**Exercise details**
Lines from the one containing "Ваша принцесса любит" to the end of the records, both ends included and exactly as written, are the whole answer, and no pictures go in it.

**Records contained in a dataset**
----
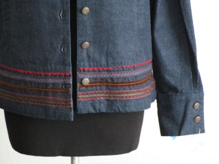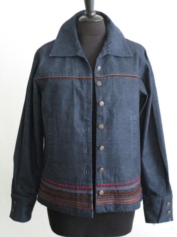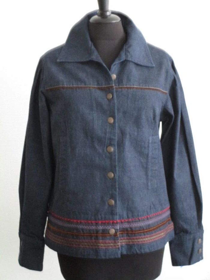 Veste en jean brut de marque Jac Jac taille 2 soit 40 Petite bande velours marron au niveau de la poitrine Plusieurs bandes de différents couleurs dans le bas Poches sur le devant Pas d'étiquette de composition Largeur carrure : 41 cm Largeur aisselle à aisselle : 62 cm NEUVE avec étiquette #mamanbrade59femme40
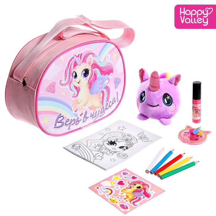 Ваша принцесса любит играть и модничать? Тогда от этого набора она будет в восторге, ведь в нём есть мягкая игрушка, детская косметика, наклейки и раскраска с карандашами! В комплект также входит красочная сумка.
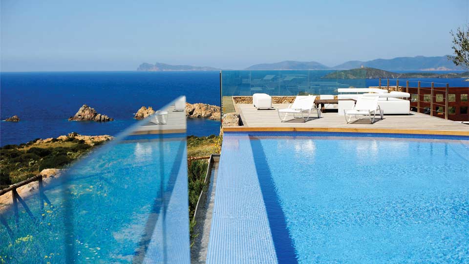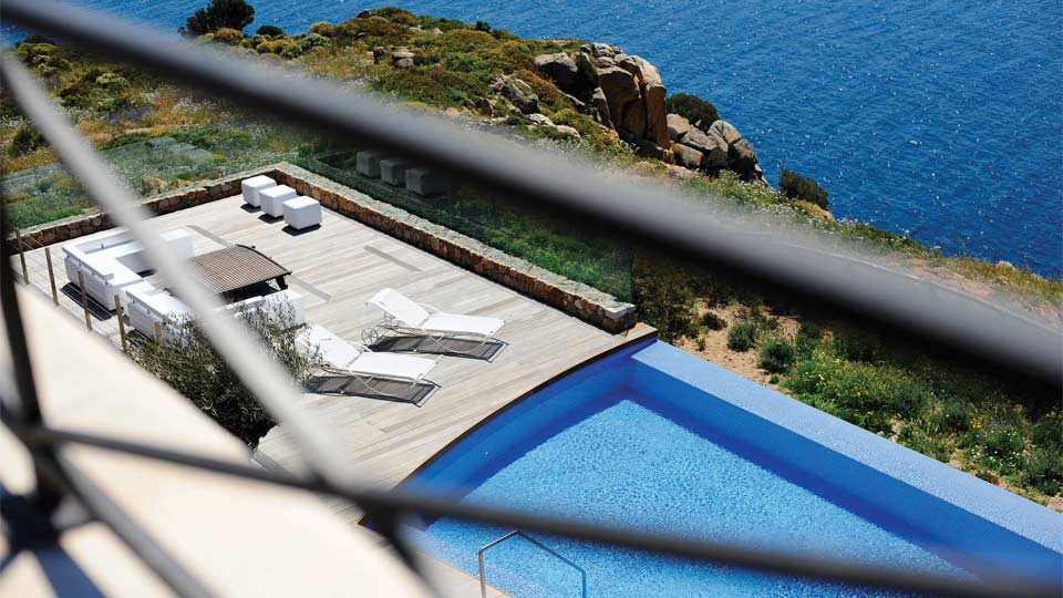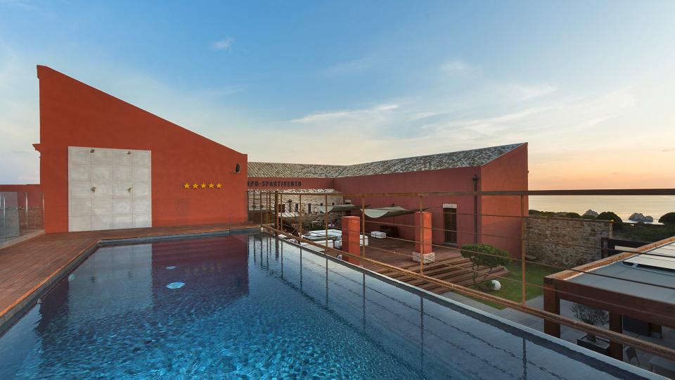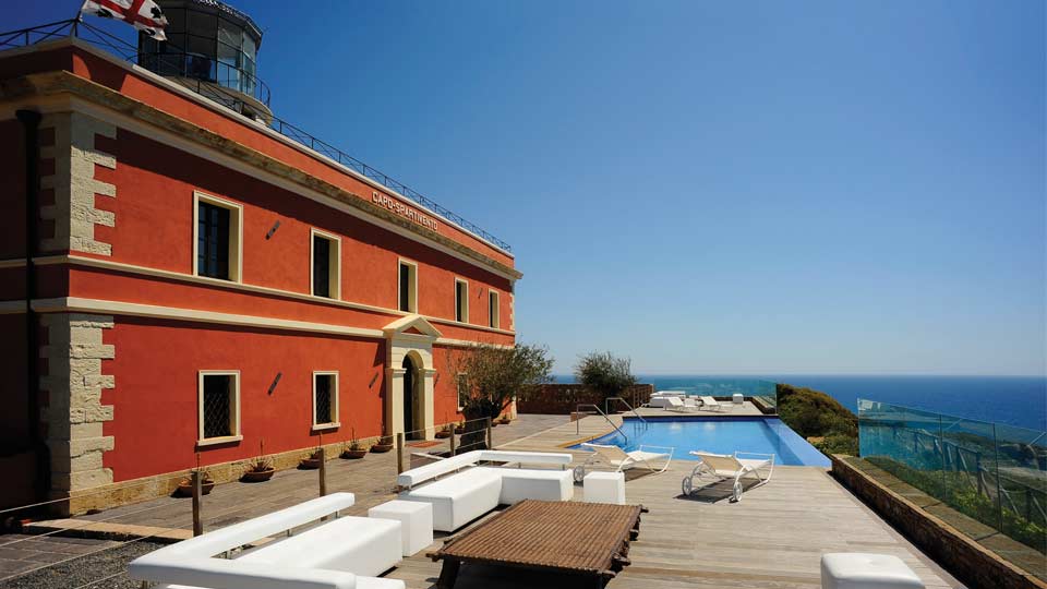 La propriété est située à 50 km de l’aéroport d’Elmas et de la ville de Cagliari, sur un promontoire appelé Capo Spartivento, dans le domaine de Chia.
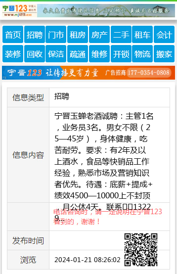 宁晋玉蝉老酒诚聘:主管1名,业务员3名。男女不限(25—45岁),身体健康,吃苦耐劳。要求:有2年及以上酒水,食品等快销品工作经验,熟悉市场及营销知识者优先。待遇:底薪+提成+绩效4500—10000上不封顶,月公休4天。联系☎️13229891187 【电话咨询时,请一定说明在宁晋123看到的,谢谢!】 |
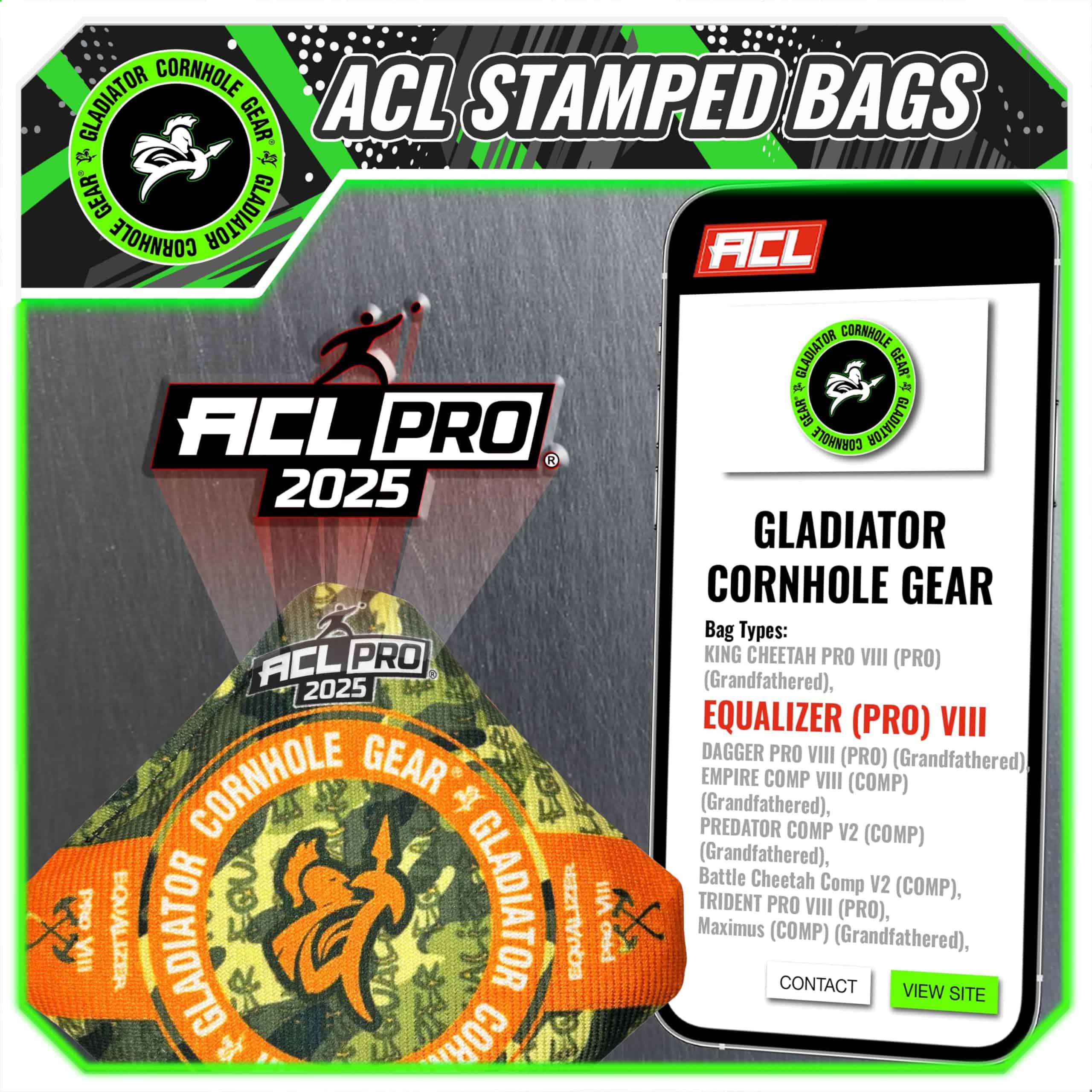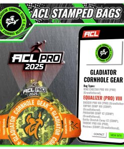 3. APROBADO POR LA LIGA AMERICANA DE CORNHOLE: Todas las series de bolsas Gladiator están oficialmente marcadas y certificadas por la ACL, ya sea como Pro, Comp o Rec. ¡No se deje engañar por otros sitios web que hacen afirmaciones falsas, busque el sello de la ACL!
----
**Solution to this problem**
 Ваша принцесса любит играть и модничать? Тогда от этого набора она будет в восторге, ведь в нём есть мягкая игрушка, детская косметика, наклейки и раскраска с карандашами! В комплект также входит красочная сумка.
 La propriété est située à 50 km de l’aéroport d’Elmas et de la ville de Cagliari, sur un promontoire appelé Capo Spartivento, dans le domaine de Chia.
 宁晋玉蝉老酒诚聘:主管1名,业务员3名。男女不限(25—45岁),身体健康,吃苦耐劳。要求:有2年及以上酒水,食品等快销品工作经验,熟悉市场及营销知识者优先。待遇:底薪+提成+绩效4500—10000上不封顶,月公休4天。联系☎️13229891187 【电话咨询时,请一定说明在宁晋123看到的,谢谢!】 |
 3. APROBADO POR LA LIGA AMERICANA DE CORNHOLE: Todas las series de bolsas Gladiator están oficialmente marcadas y certificadas por la ACL, ya sea como Pro, Comp o Rec. ¡No se deje engañar por otros sitios web que hacen afirmaciones falsas, busque el sello de la ACL!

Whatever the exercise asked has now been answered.